Why $\text{E}(AX+b) = A\text{E}(X)+b$ but $\text{Cov}(A,X+b) = \text{Cov}(A,X)$?

Question

Suppose $X$ a random vector and $b$ a constant vector, with $A$ a corresponding constant matrix, then we have the expectation and the covariance of $A$ and $X+b$ satisfying

$$\mathbb{E}(AX+b) = A\mathbb{E}(X)+b$$

$$\text{Cov}(A,X+b) = \text{Cov}(A,X)$$

1. Is the first equation due to the linearity of expectation?
2. Why does the second equation miss $b$?

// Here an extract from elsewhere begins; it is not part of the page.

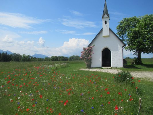 Freunde sind zu Besuch in Prien. Sie haben ihre E-Bikes dabei und wir sind schon einige km geradelt, auch den Chiemsee haben wir schon umrundet. Heute wollen sie von Prien zum Simssee radeln. Ich überlege mir eine Rundtour mit einem Abstecher über den Söllhubener Kapellenweg einen meiner Lieblingsorte im Chiemgau.

I see a textbook that claims these properties without proof. Please show me some calculation to derive these two equations.

Answer 1

The reason is that the operator $\mathbb{E}$ is a linear operation, for example in the continuos case

$$ \mathbb{E}[\alpha X + \beta] = \int{\rm d}x~ (\alpha x + \beta)f_X(x) = \alpha\int {\rm d}x~ x f_X(x) + \beta\int {\rm d}x~ f_X(x) = \alpha \mathbb{E}[X] + \beta $$

In order to calculated the covariance you first subtract the effect of the mean, that's the reason why the constant term does not make any contribution

$$ \mathbb{C}{\rm ov}[X, Y] = \mathbb{E}[(X - \mathbb{E}[X])(Y - \mathbb{E}[Y])] $$

So that

\begin{eqnarray} \mathbb{C}{\rm ov}[\alpha X + \beta, Y] &=& \mathbb{E}[(\alpha X + \beta - \mathbb{E}[\alpha X + \beta])(Y - \mathbb{E}[Y])] \\ &=& \mathbb{E}[(\alpha X + \beta - \alpha\mathbb{E}[X] - \beta])(Y - \mathbb{E}[Y])] \\ &=& \mathbb{E}[(\alpha X + \alpha\mathbb{E}[X])(Y - \mathbb{E}[Y])] \\ &=& \mathbb{E}[\alpha (X -\mathbb{E}[X]])(Y - \mathbb{E}[Y])] \\ &=& \alpha \mathbb{E}[(X -\mathbb{E}[X]])(Y - \mathbb{E}[Y])] \\ &=& \alpha \mathbb{C}{\rm ov}[X, Y] \end{eqnarray}

Answer 2

If $Y$ is some random vector then:$$\mathsf{Cov}(Y):=\mathsf E(Y-\mathsf EY)(Y-\mathsf EY)^T$$

Now observe that:

$$(Y+b)-\mathsf E(Y+b)=Y-\mathsf EY$$